Vandana A. Patel, an internal and pulmonary medicine physician and clinical advisor at Cabinet, points out that there aren't evidence-based benefits for Himalayan salt lamps, air salinizers, or other home salt therapy methods, but says it's still safe to use halotherapy at home in most instances. "The therapy is helpful in reducing inflammation and clearing mucus, thereby opening your airway passages," Patel says.

But considering Baker-Johnson's point that a halogenerator needs to be present in order for halotherapy to mimic a natural salt mine or cave, a Himalayan salt lamp at home may not actually provide many benefits aside from relaxation.

"Himalayan salt lamps and salt on the floors and walls do not give off any negative ions," she says. "They are purely for decoration only and to "feel" relaxed. In order for Himalayan salt to release any negative ions, it will need to be heated to 1,500 degrees Fahrenheit (816 celsius), which can not be accomplished with a 15 watt light bulb."

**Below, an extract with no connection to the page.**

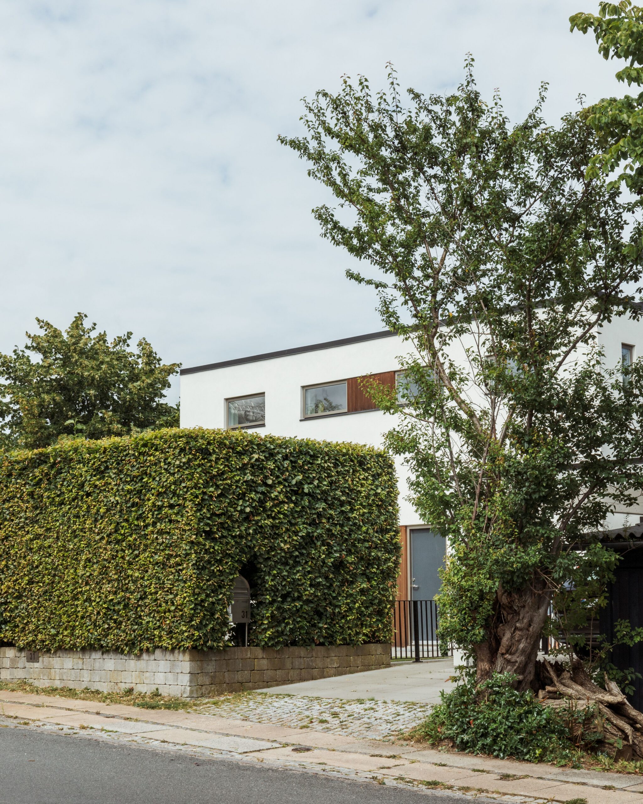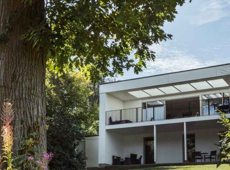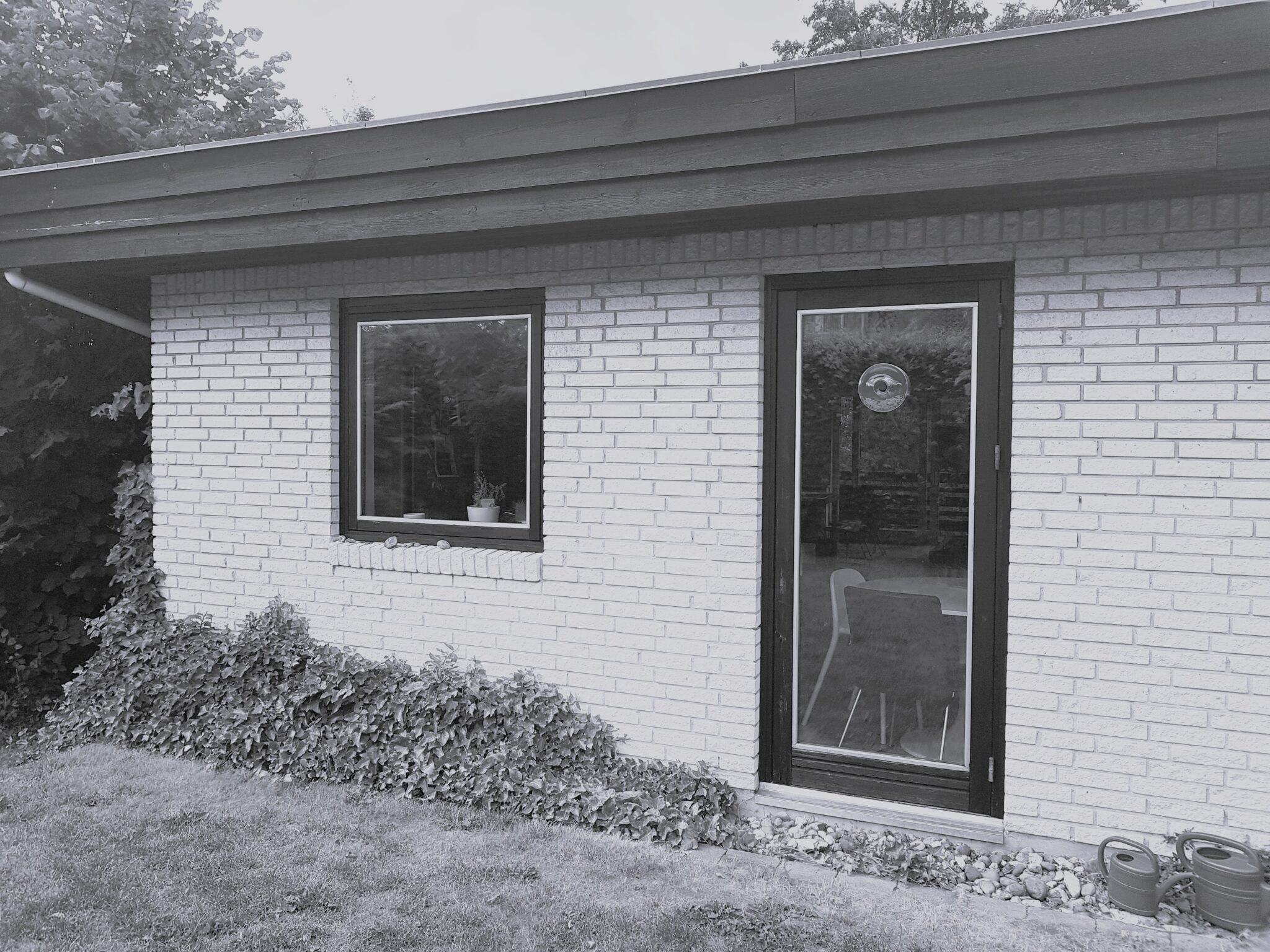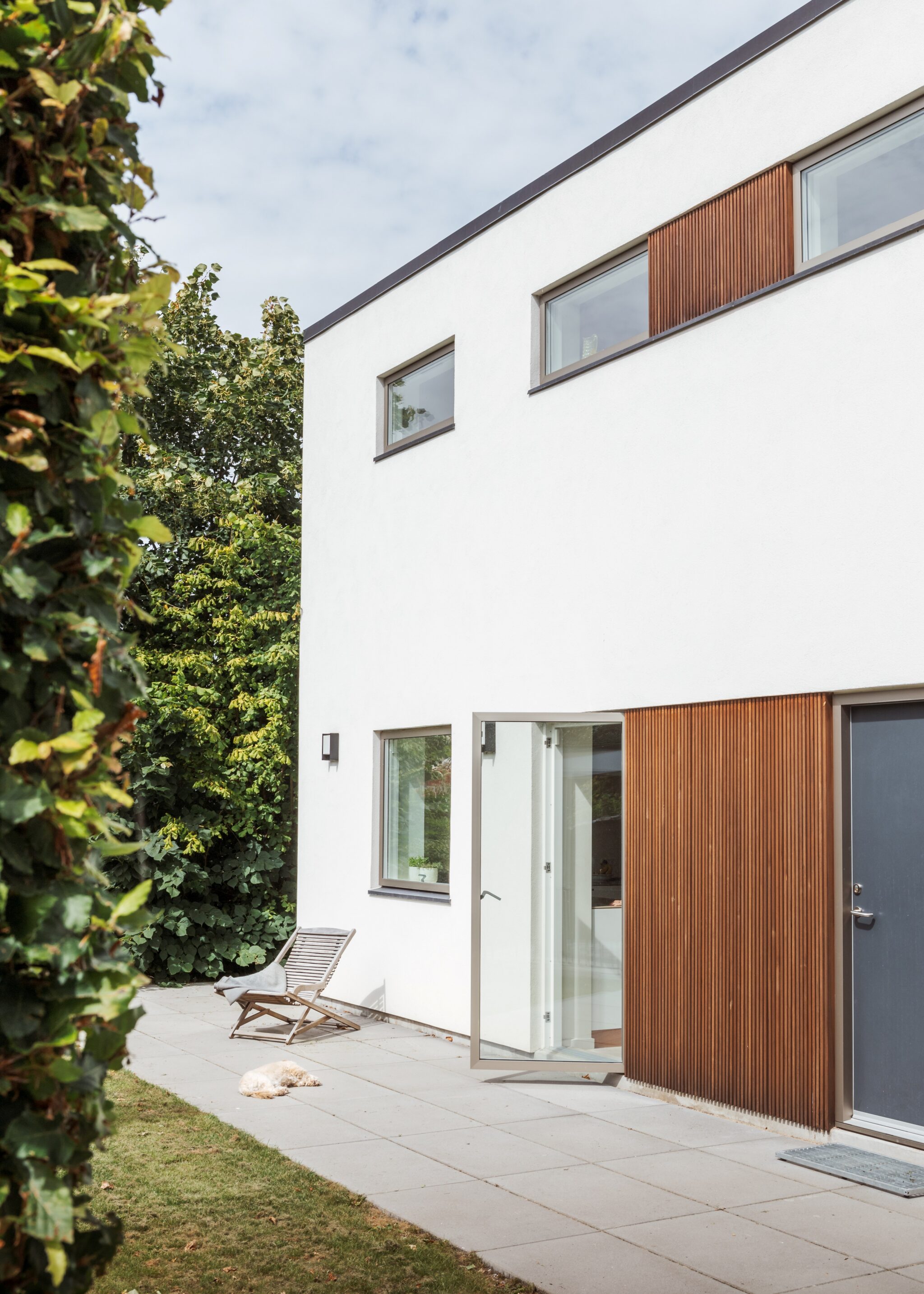 Huset blev efterisoleret og pudset hvidt, og det nye sedumtag giver et flot samspil med skovens farver hele året. De store ovenlysvinduer over trappen og terrassen giver godt dagslys til stueetagen sammen med den nye, dobbelte skydedør. Den kedelige svalegang mod nord blev samtidig genskabt til et skønt uderum, som kan bruges stort set hele året. Det hele med et nyt og mere moderne facadeudtryk.

Khan agrees that the benefits of a professionally operated salt cave can't be replicated at home with Himalayan salt lamps, salt inhalation devices, or other methods. "Salt inhalation devices, and neti pots are useful for breaking up sinus congestion but again, do nothing for lung health," she says.

Who Shouldn't Try Salt Therapy?

Patel says salt therapy is not recommended for people with contagious diseases, open wounds, severe hypertension, chronic kidney disease, fever, mental disorders, or active tuberculosis. She says it can be safe for people with asthma and some other pulmonary conditions, but reminds us that there are no medical or scientific guidelines for halotherapy. Halotherapy also is not recommended for people with late-stage lung cancer or chronic obstructive pulmonary disease (COPD).

As with any new form of therapy or treatment, it's crucial to check with your doctor first, especially if you are dealing with other health conditions.

salt lamp on dresser
 Belchonock/Getty

How to Practice Salt Therapy at Home

If you're thinking of trying salt therapy at home, here are three different methods you may want to consider:

Light Some Himalayan Salt Lamps

Himalayan salt lamps can be purchased starting at around $20, making them a relatively affordable option. Though as Baker-Johnson mentioned, Himalayan salt lamps only produce beneficial negative ions when heated to 1,500 degrees Fahrenheit, which you can't achieve in your home. That said, this could still be a good option if you're in search of something aesthetically pleasing that's relaxing to look at.

Treat Yourself to an Air Salinizer

An air salinizer releases tiny salt particles in the air in an attempt to mimic the environment of a salt cave. Baker-Johnson says this is "most-likely not as effective as a Halogenerator. It is used for a more simple home treatment." She recommends sure the air salinizer uses sodium chloride (preferably pharmaceutical grade).

Build an At-Home Salt Therapy Booth

Installing an at-home salt therapy booth that uses a halogenerator is the only way to get the benefits offered by a commercial salt cave, our experts tell us. A room full of Himalayan salt bricks or panels won't necessarily do the trick.

"The booths need to be air-tight and have the necessary ventilation, humidity level controls and purification systems to ensure effectiveness and safety," Khan says. "Being coated with salt on your skin or clothing is not a sign that the home salt therapy booth is necessarily offering respiratory treatments. That merely shows that the size of the salt particles are too large to get deep into the lungs and bronchial passages. The salt on the skin though is terrific for skin health."